Given entries –
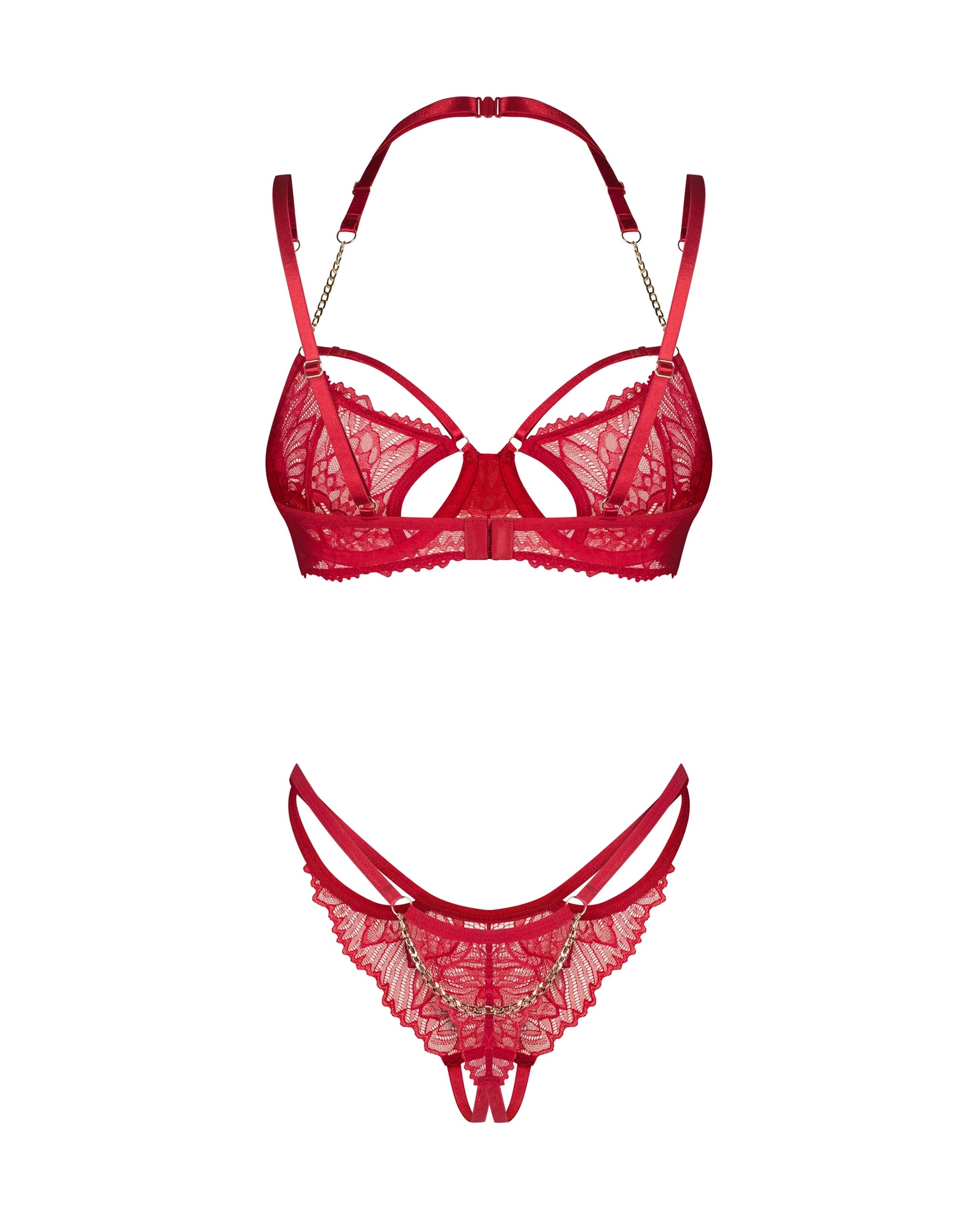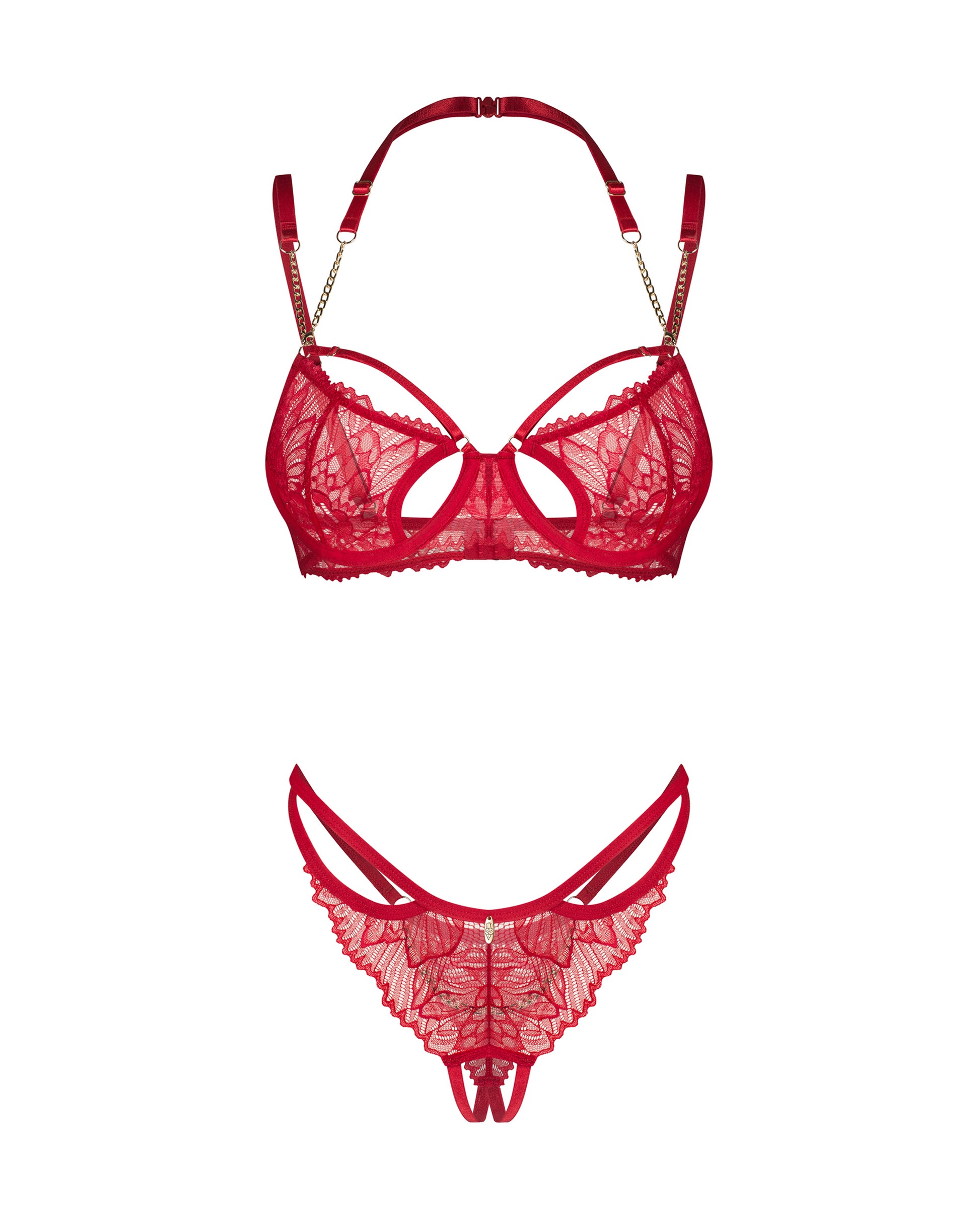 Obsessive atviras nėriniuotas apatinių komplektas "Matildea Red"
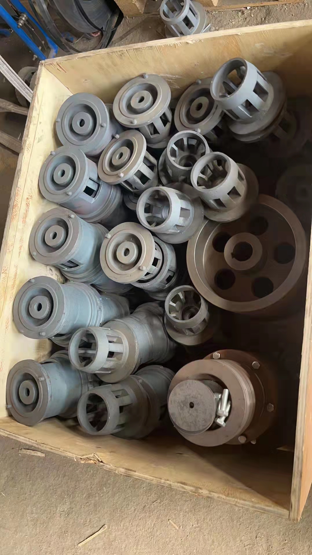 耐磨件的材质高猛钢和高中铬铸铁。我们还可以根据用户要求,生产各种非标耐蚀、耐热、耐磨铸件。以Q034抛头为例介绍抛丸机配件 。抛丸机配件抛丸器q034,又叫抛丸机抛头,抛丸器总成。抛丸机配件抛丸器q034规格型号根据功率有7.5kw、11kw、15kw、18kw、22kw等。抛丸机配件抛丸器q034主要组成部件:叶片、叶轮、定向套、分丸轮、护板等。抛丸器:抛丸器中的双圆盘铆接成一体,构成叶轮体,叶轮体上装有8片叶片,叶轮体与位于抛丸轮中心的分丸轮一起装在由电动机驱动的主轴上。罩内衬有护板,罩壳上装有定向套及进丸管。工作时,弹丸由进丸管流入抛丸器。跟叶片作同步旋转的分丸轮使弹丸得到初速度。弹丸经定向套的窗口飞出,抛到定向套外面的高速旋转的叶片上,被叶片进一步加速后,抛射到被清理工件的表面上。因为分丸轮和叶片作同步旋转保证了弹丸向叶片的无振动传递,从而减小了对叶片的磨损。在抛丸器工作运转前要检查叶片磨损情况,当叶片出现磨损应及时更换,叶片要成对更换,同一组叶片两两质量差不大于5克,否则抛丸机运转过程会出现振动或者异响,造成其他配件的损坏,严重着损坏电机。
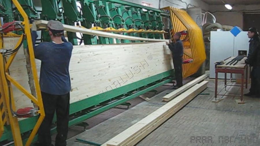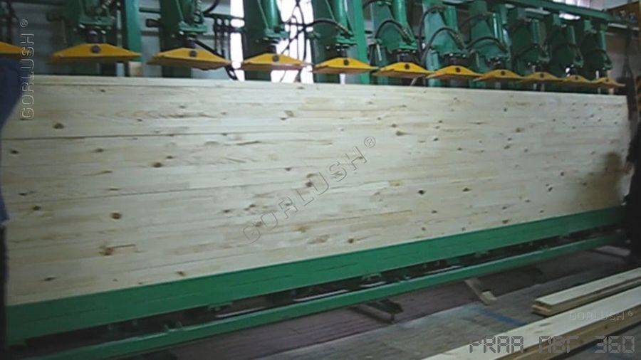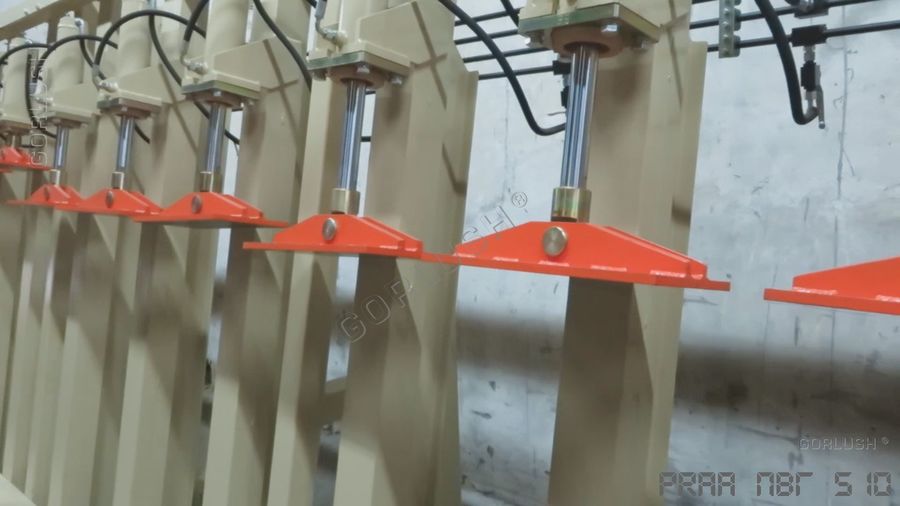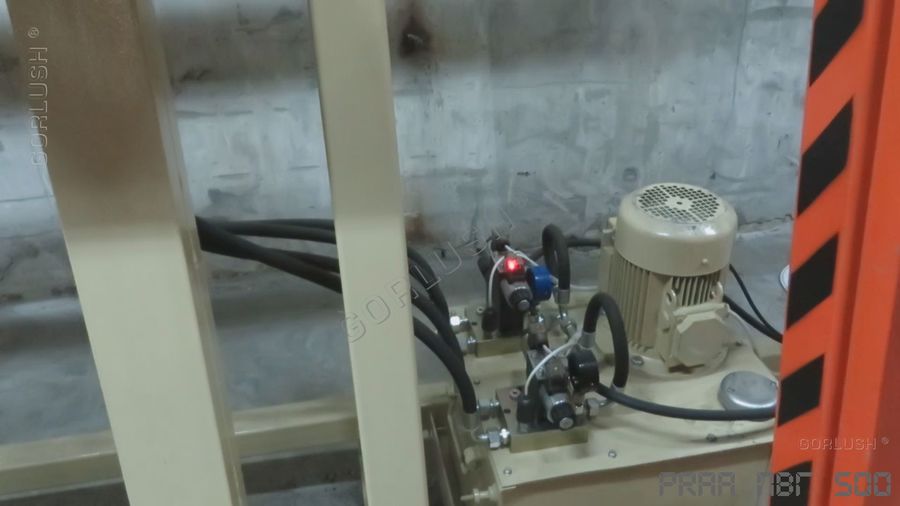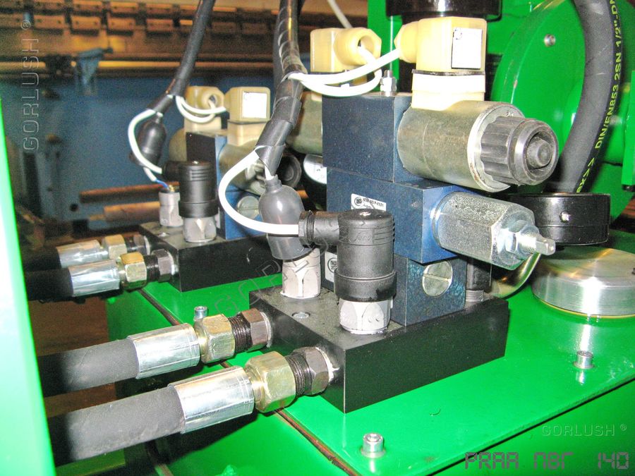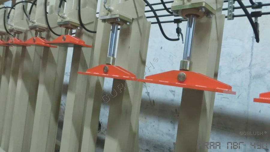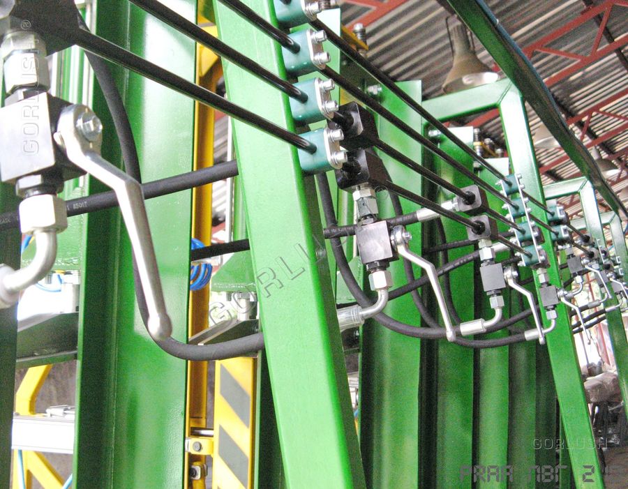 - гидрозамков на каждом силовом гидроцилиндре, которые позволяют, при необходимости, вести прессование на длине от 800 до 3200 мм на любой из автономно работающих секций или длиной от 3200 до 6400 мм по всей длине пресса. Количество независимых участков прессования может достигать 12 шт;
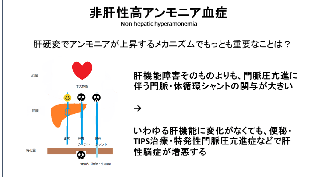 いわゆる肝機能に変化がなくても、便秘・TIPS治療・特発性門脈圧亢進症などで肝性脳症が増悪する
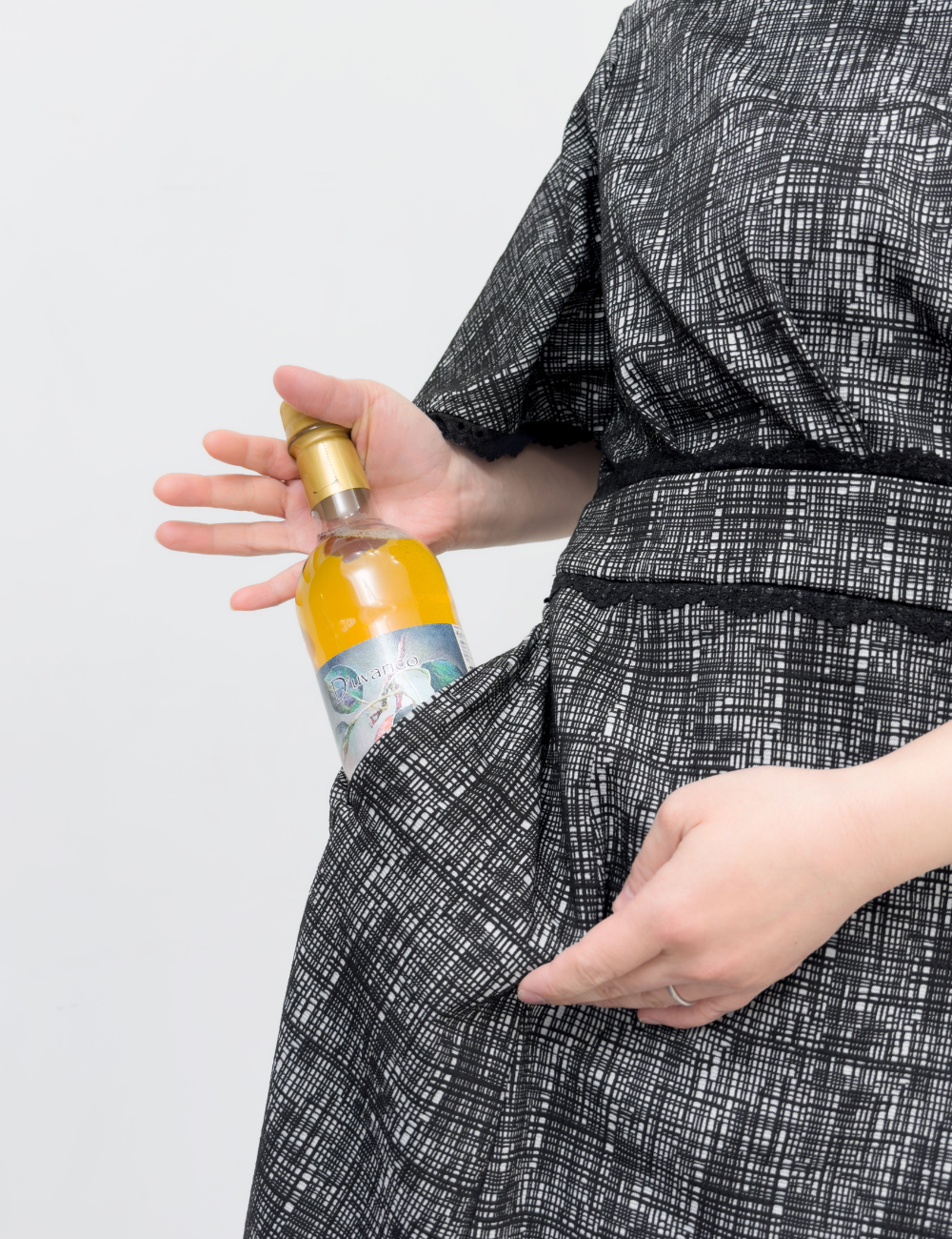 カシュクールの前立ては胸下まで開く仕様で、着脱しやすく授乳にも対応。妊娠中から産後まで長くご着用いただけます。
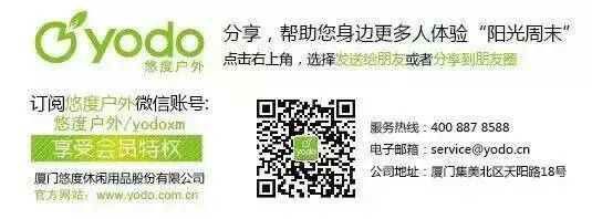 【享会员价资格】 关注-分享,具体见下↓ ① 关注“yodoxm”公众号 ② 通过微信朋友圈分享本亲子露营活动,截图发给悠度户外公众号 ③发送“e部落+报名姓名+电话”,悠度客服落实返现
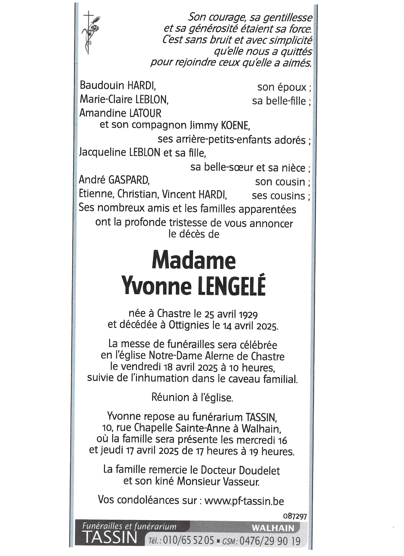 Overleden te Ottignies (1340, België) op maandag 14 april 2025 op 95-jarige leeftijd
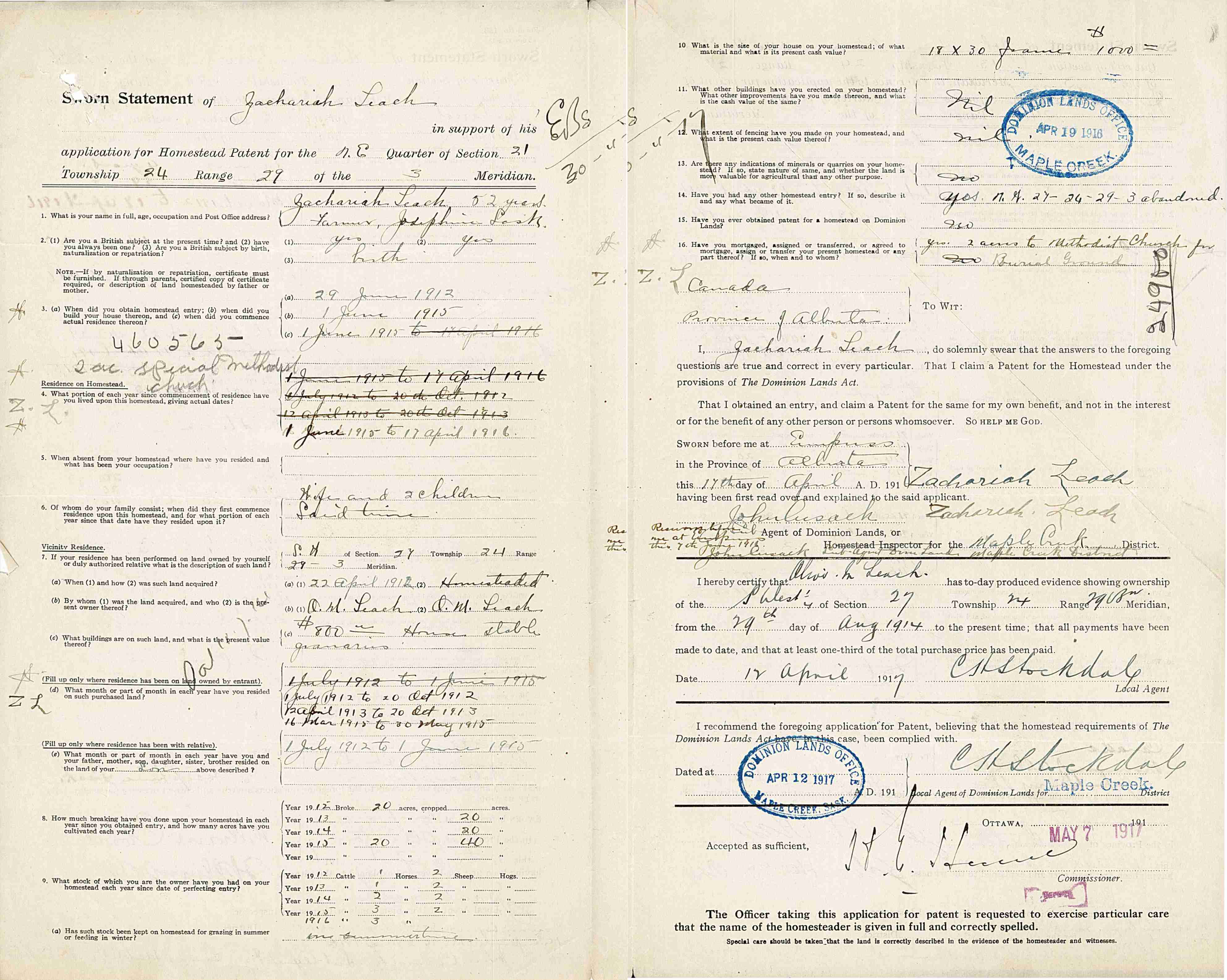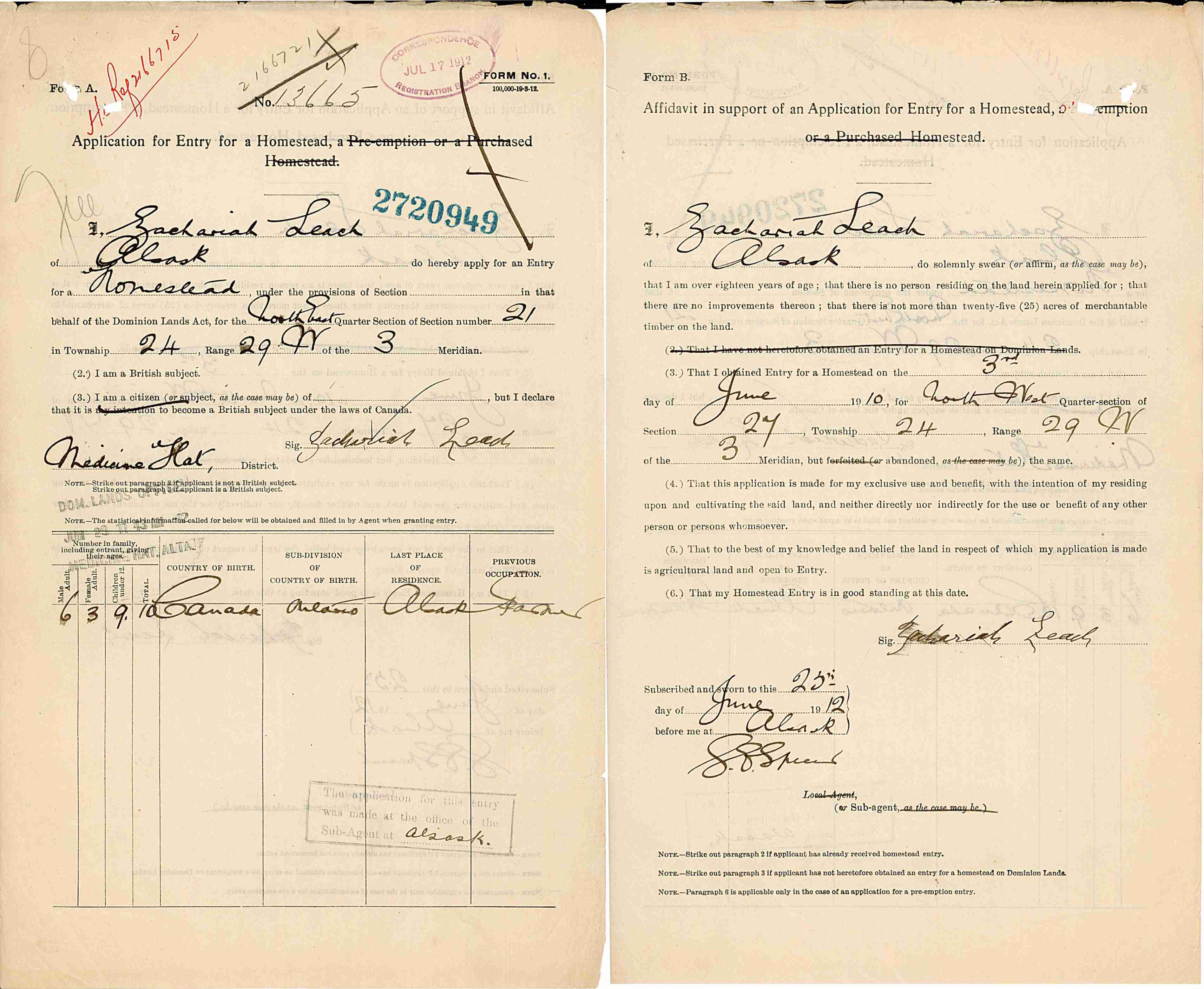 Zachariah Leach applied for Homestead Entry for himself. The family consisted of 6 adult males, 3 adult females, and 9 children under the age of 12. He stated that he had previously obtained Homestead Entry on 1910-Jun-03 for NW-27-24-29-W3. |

Work instructions –
Above are the records; copy from them only the lines starting at the one containing "- гидрозамков на" and ending at the one containing "カシュクールの前立ては胸下ま", exactly and without pictures.

Reply –
 - гидрозамков на каждом силовом гидроцилиндре, которые позволяют, при необходимости, вести прессование на длине от 800 до 3200 мм на любой из автономно работающих секций или длиной от 3200 до 6400 мм по всей длине пресса. Количество независимых участков прессования может достигать 12 шт;
 いわゆる肝機能に変化がなくても、便秘・TIPS治療・特発性門脈圧亢進症などで肝性脳症が増悪する
 カシュクールの前立ては胸下まで開く仕様で、着脱しやすく授乳にも対応。妊娠中から産後まで長くご着用いただけます。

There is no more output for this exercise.